- Island Beach
- Coordinates: 35°48′0″S 137°48′36″E﻿ / ﻿35.80000°S 137.81000°E
- Country: Australia
- State: South Australia
- Region: Fleurieu and Kangaroo Island
- LGA: Kangaroo Island Council;
- Location: 121 km (75 mi) south of Adelaide; 21 km (13 mi) south-west of Penneshaw;

Government
- • State electorate: Mawson;
- • Federal division: Mayo;

Population
- • Total: 71 (SAL 2021)
- Time zone: UTC+9:30 (ACST)
- • Summer (DST): UTC+10:30 (ACDT)
- Postcode: 5222
- County: Carnarvon
- Mean max temp: 19.1 °C (66.4 °F)
- Mean min temp: 11.6 °C (52.9 °F)
- Annual rainfall: 488.9 mm (19.25 in)
Localities around Island Beach
| Nepean Bay | Nepean Bay | Nepean Bay |
| Sapphiretown | Island Beach | Brown Beach |
| Pelican Lagoon | Pelican Lagoon | Dudley West |

= Island Beach, South Australia =

Island Beach is a locality in the Australian state of South Australia overlooking Eastern Cove in Nepean Bay on the north-west coast of the Dudley Peninsula on Kangaroo Island about 121 km from the state capital of Adelaide and about 21 km from Penneshaw.

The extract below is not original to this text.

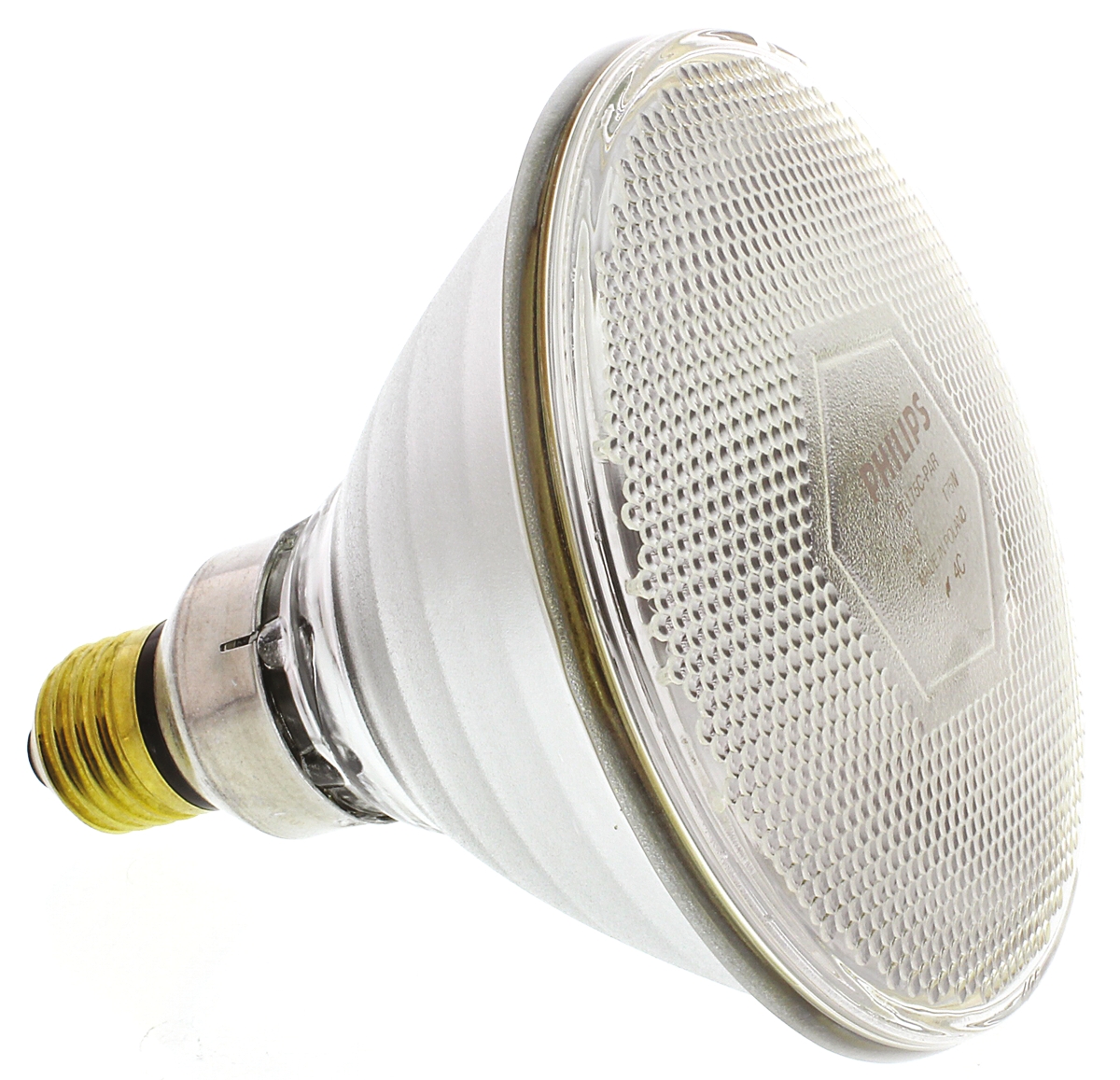 This is 2400K 128mm E27 Clear 136 mm 5000h PAR38 Heat Lamp 240/250 V 175 W manufactured by Philips Lighting. The manufacturer part number is IR175C. Its diameter is 128mm. Moreover, the product has a nominal 240/250 v voltage rating. This product carries 175 w. It has clear lamp finish . The lamp base is e27. Its accurate length is 136 mm. This integrates a colour temperature of 2400k. Adding to this, it has a long life span for about 5000h.

John Stewart Browne subdivided Island Beach in 1961 into 254 allotments, with average block sizes exceeding 1000 m2. Development stalled for a number of years, due largely to a reluctance of the local council to construct roads through the estate, which under planning regulations of the time were not the responsibility of the developer.

In the late 1970s a separate land subdivision occurred to the south of the original estate. Known locally as Carter's Estate, these allotments were more traditionally under 1000 m2 in size. Throughout the late 1980s and beyond, development accelerated with substantial seafront residences being erected, and land values beginning to rise.

 There is limited access to the beach for boat launching and retrieval.

Island Beach is located within the federal division of Mayo, the state electoral district of Mawson and the local government area of the Kangaroo Island Council.